South Carolina also initiated hostilities by firing on Fort Sumter, which was doing them no harm. In reaction to this, Lincoln made it clear that he would fight rather than allow secession to succeed. The lines being clearly drawn, the Upper South also seceded and the war was on.

Slavery was the main issue, though the modern South hates to admit it. If secession had been mainly about States Rights, there was no logic in seceding before the new President showed how he meant to govern. Lincoln commented later that he thought secession had been deliberately rushed by Southern leaders who feared that ordinary Southerners would get used to him and lose their hostility if he’d been given a chance. He claimed no right to abolish slavery in states that were part of the Union: he wanted just to ban it from the Territories, those parts of the USA that had few white inhabitants and were judged not yet fit to govern themselves. Lincoln’s policy could have led to a gradual and peaceful elimination of slavery – before the Declaration of Emancipation, Lincoln offered non-seceding slaves states like Maryland a deal that would have seen slavery last until 1900. This was probably not his final offer: quite likely he’d have been ready to see negro slavery extend into well into the 20th century if this would avoid a war, or end it early. But the dominant elements in the South had already decided that they wanted to follow a different destiny in which slavery was seen as a positive system. This view found its clearest expression in the ‘Cornerstone Speech’ by Alexander H. Stephens, the Confederate Vice-President:

“The new [Confederate] constitution has put at rest, forever, all the agitating questions relating to our peculiar institution African slavery as it exists amongst us the proper status of the negro in our form of civilization. This was the immediate cause of the late rupture and present revolution. Jefferson in his forecast, had anticipated this [slavery], as the ‘rock upon which the old Union would split.’ He was right. What was conjecture with him, is now a realized fact. But whether he fully comprehended the great truth upon which that rock stood and stands, may be doubted. The prevailing ideas entertained by him and most of the leading statesmen at the time of the formation of the old constitution, were that the enslavement of the African was in violation of the laws of nature; that it was wrong in principle, socially, morally, and politically. It was an evil they knew not well how to deal with, but the general opinion of the men of that day was that, somehow or other in the order of Providence, the institution would be evanescent and pass away. This idea, though not incorporated in the constitution, was the prevailing idea at that time. The constitution, it is true, secured every essential guarantee to the institution while it should last, and hence no argument can be justly urged against the constitutional guarantees thus secured, because of the common sentiment of the day. Those ideas, however, were fundamentally wrong. They rested upon the assumption of the equality of races. This was an error. It was a sandy foundation, and the government built upon it fell when the ‘storm came and the wind blew.’

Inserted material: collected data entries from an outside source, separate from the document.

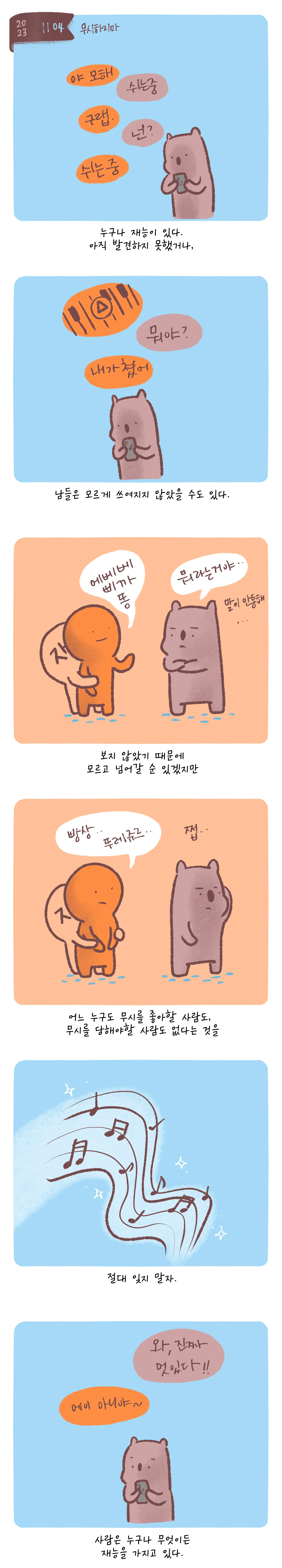 <섭섭하지 않은 쿼카>그림일기 웹툰 작가이자 운동을 좋아하는 일러스트레이터입니다. 따뜻한 그림을 그리고 싶습니다. 작가님의 글에 따뜻함을 더하고 싶으신분들은 제안해주세요.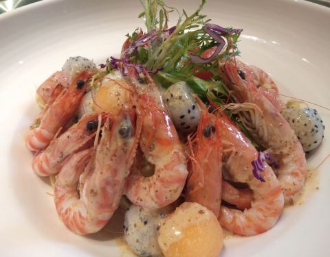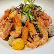 |斑节虾蔬菜沙拉^胡麻酱的沙拉永远是我的最爱!点睛之笔是竟然带有点芥末酱!最近的我狂爱芥末!斑节虾也很贴心的都剥好了~还有各种蔬菜水果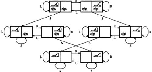 - Функция определения преемника. Эта функция вырабатывает допустимые состояния, которые являются следствием попыток выполнения трех действий (Left, Right и Suck). Полное пространство состояний показано на рисунке.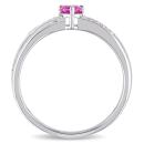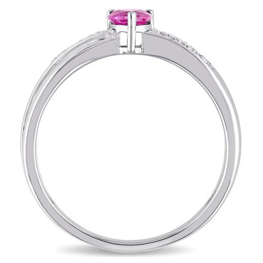 This dazzling ring features a heart-cut ruby center stone and round white diamond side stones set in sterling silver. The ring is enhanced with high polish finish.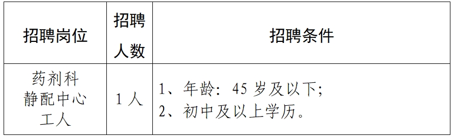 【招聘】藥劑科靜配中心需招聘勞務派遣工作人員1名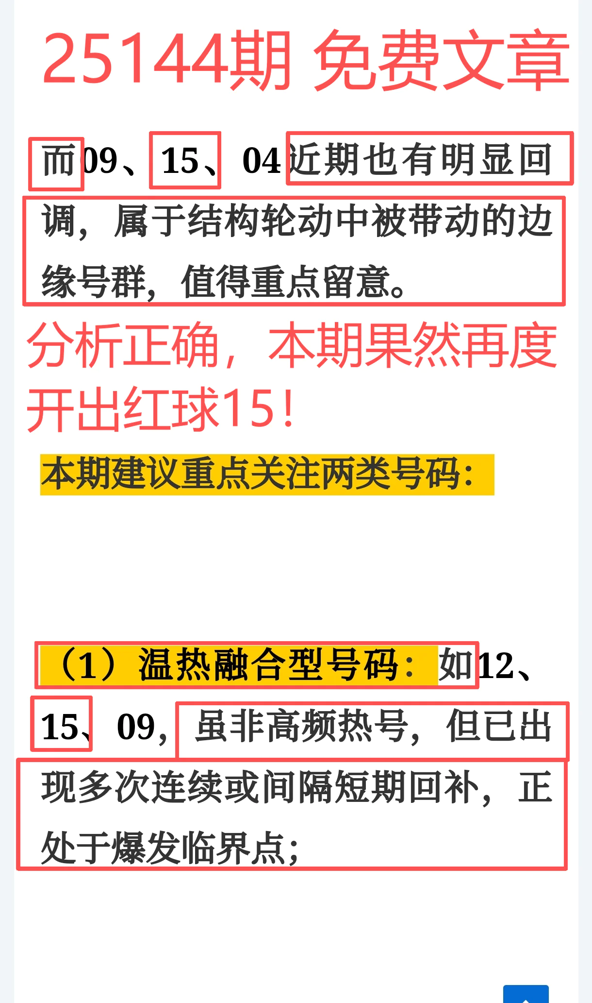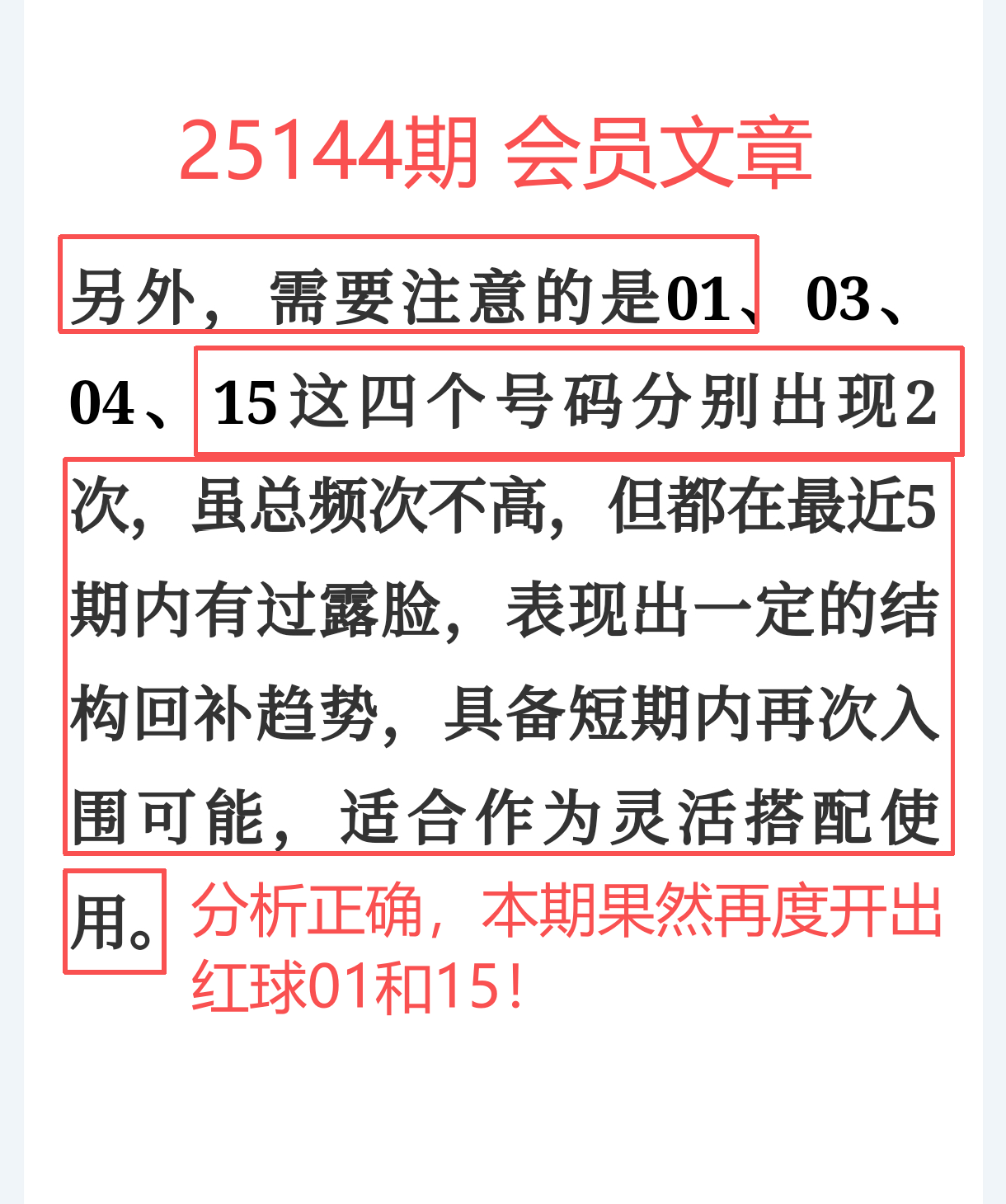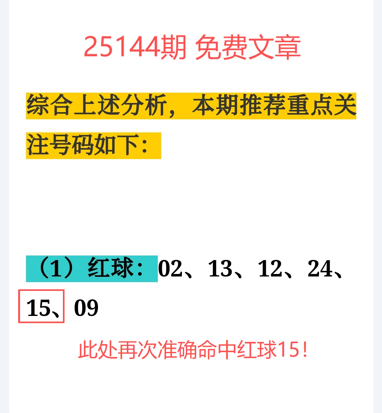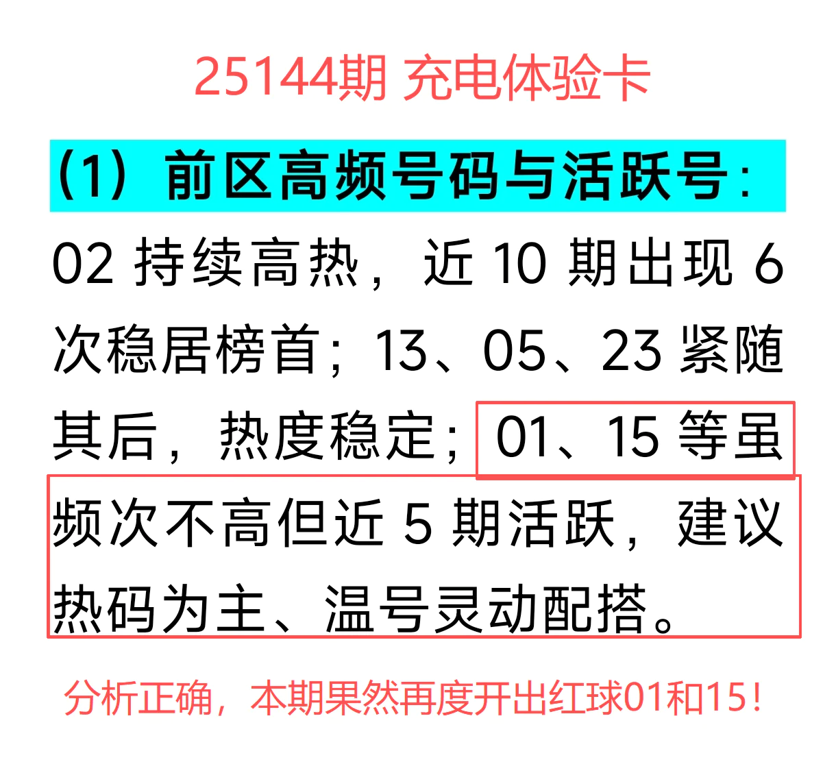 命中红球 01、15,两枚核心活跃码强势发力,节奏贴合度极高,定位稳准狠;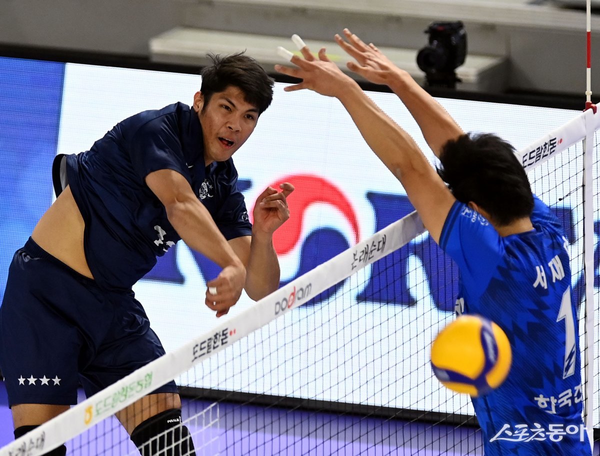 1일 인천 계양체육관에서 ‘2023-2024 도드람 V리그’ 인천 대한항공과 수원 한국전력의 남자부 경기가 열렸다. 대한항공 에스페호가 한국전력 블로커를 피해 스파이크를 날리고 있다.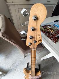 Configurazione tipica Jazz Bass: doppio pickup single coil, controlli volume/tono separati.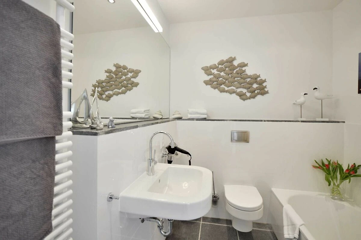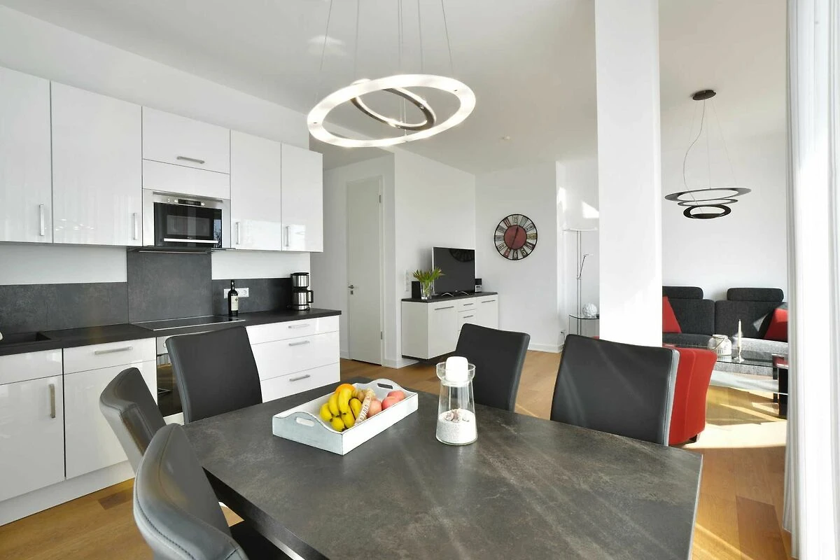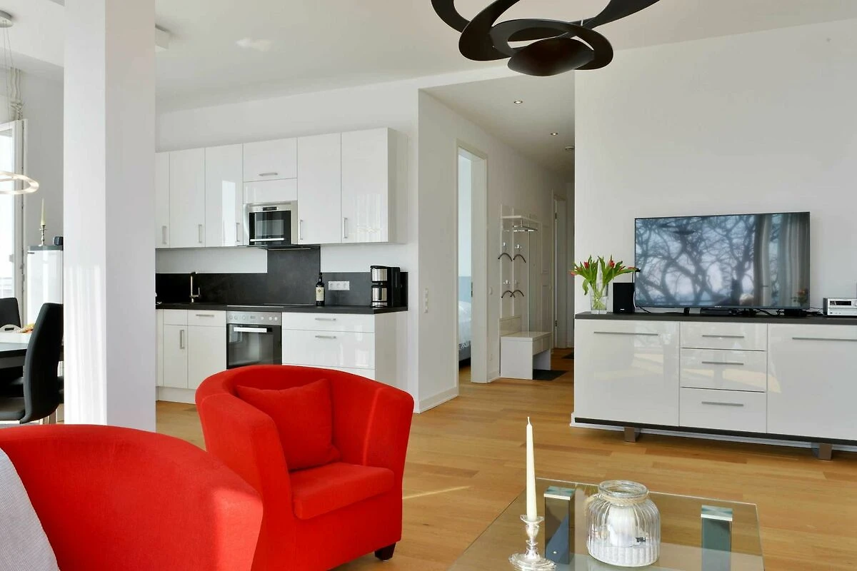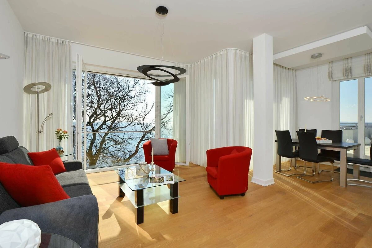 Auch das grosse, geschmackvoll eingerichtete Wohnzimmer mit Ostseeblick auf der gesamten Breite begeistert das ganze Jahr über. An kalten Tagen können Sie in der wohnungseigenen Sauna, die über einen zusätzlichen Infrarotstrahler verfügt, entspannen.
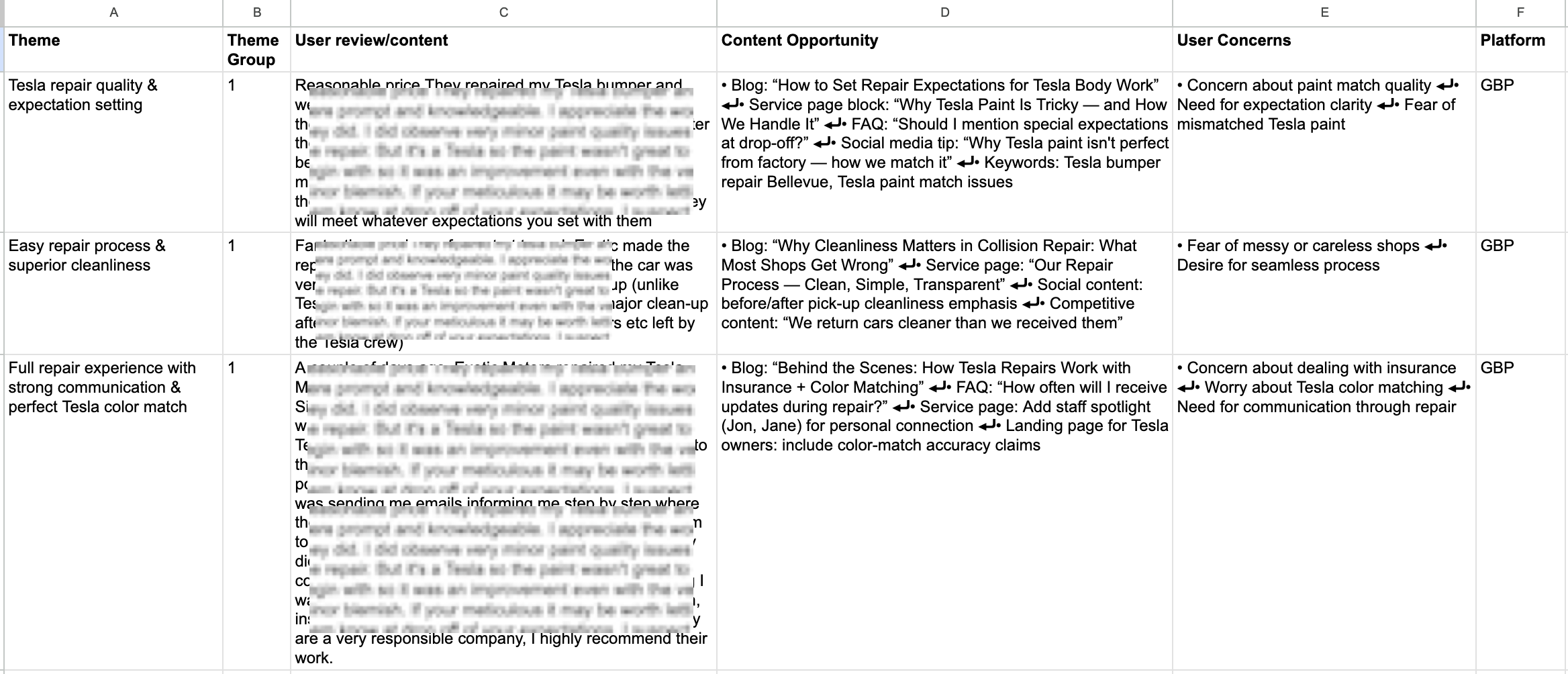 You're done. The GPT organizes everything into one table: review themes, actual review content, SEO content opportunities, and user concerns. Copy/paste it into your own spreadsheet and format it however you like.
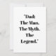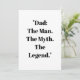 “Dad: The Man. The Myth. The Legend.” is the perfect gift for Father’s Day, birthdays, or any day you want to honor an amazing dad. Ideal for t-shirts, mugs, and greeting cards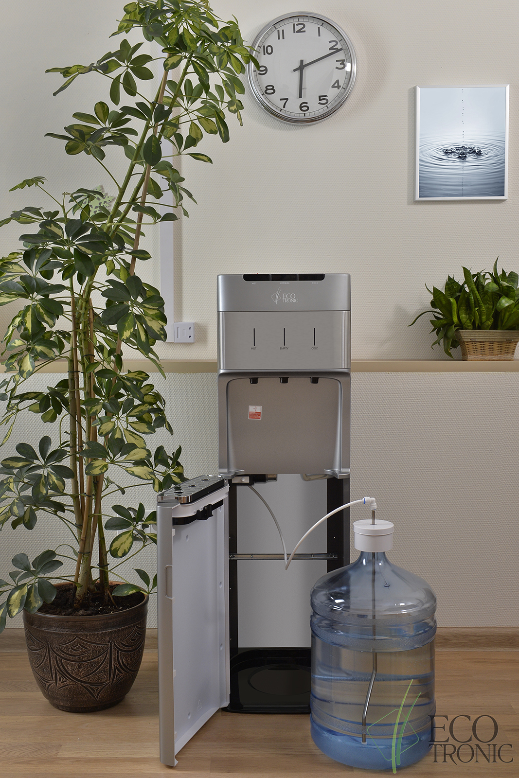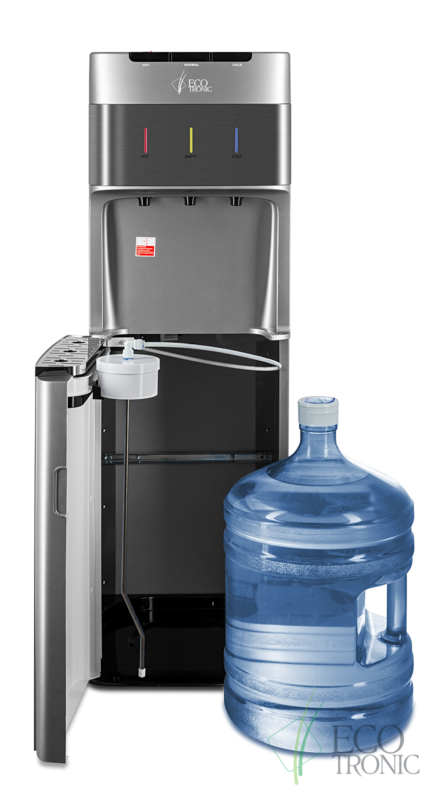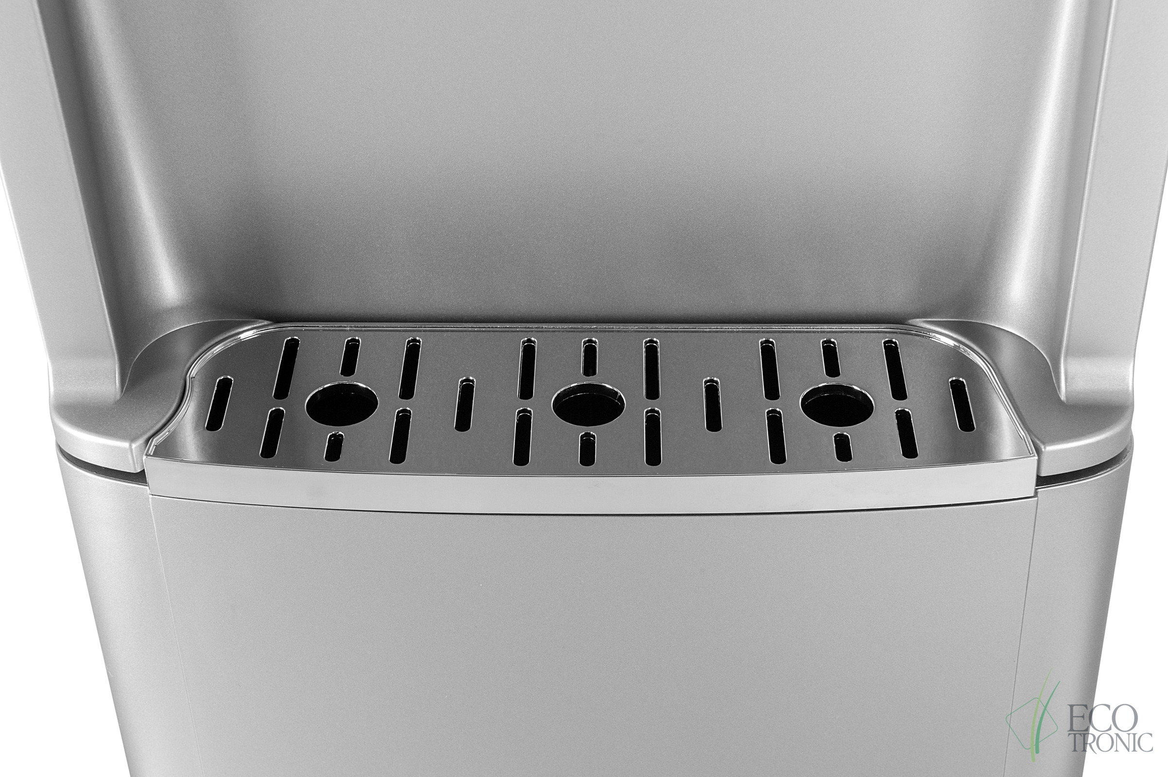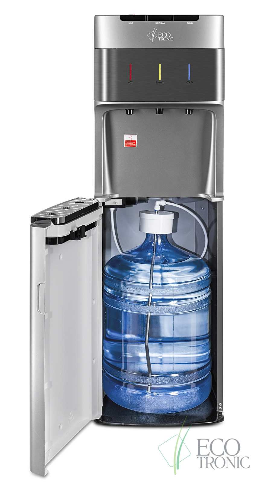Кулер с нижней загрузкой бутыли и электронным охлаждением. Корпус серебристого цвета со вставкой из нержавеющей стали. 3 клавиши подачи воды (горячая/комнатной температуры/холодная). Клавиша горячей воды с защитой от детей. Индикация режимов нагрева, охлаждения воды, а также индикация отсутствия воды в бутыли. Для быстрой очистки краников применяются съемные гигиенические колпачки. Выключатели нагрева и охлаждения воды.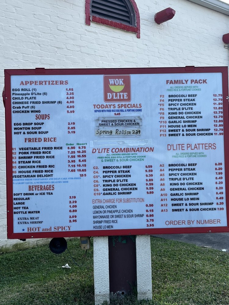 Wok D'lite is a beloved Chinese restaurant in Lake Charles, Louisiana, known for its convenient drive-thru option and affordable prices. Customers rave about the delicious egg rolls, flavorful hot and sour soup, and crave-worthy crab rangoons. The establishment's famous Friday special, crispy fried chicken, is a must-try for locals and visitors alike. With fast service, indoor seating, and central location, Wok D'lite has been a go-to spot for over 30 years. Whether you're in the mood for traditional lo mein or the best fried rice in town, Wok D'lite delivers on flavor, value, and friendly service. Experience the taste of authentic Chinese cuisine at Wok D'lite.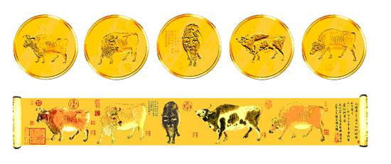 纯金“五牛图生肖纪念币大全”首度亮相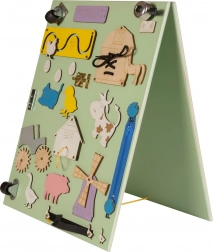 Datorită diverselor părți și suprafețe mobile, această tablă stimulează motricitatea fină și oferă stimulente senzoriale pentru dezvoltare.
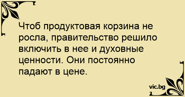 Чтоб продуктовая корзина не росла, правительство решило включить в нее и духовные ценности. Они постоянно падают в цене.

“Our new government is founded upon exactly the opposite idea; its foundations are laid, its corner- stone rests, upon the great truth that the negro is not equal to the white man; that slavery subordination to the superior race is his natural and normal condition. This, our new government, is the first, in the history of the world, based upon this great physical, philosophical, and moral truth. This truth has been slow in the process of its development, like all other truths in the various departments of science. It has been so even amongst us.” [A]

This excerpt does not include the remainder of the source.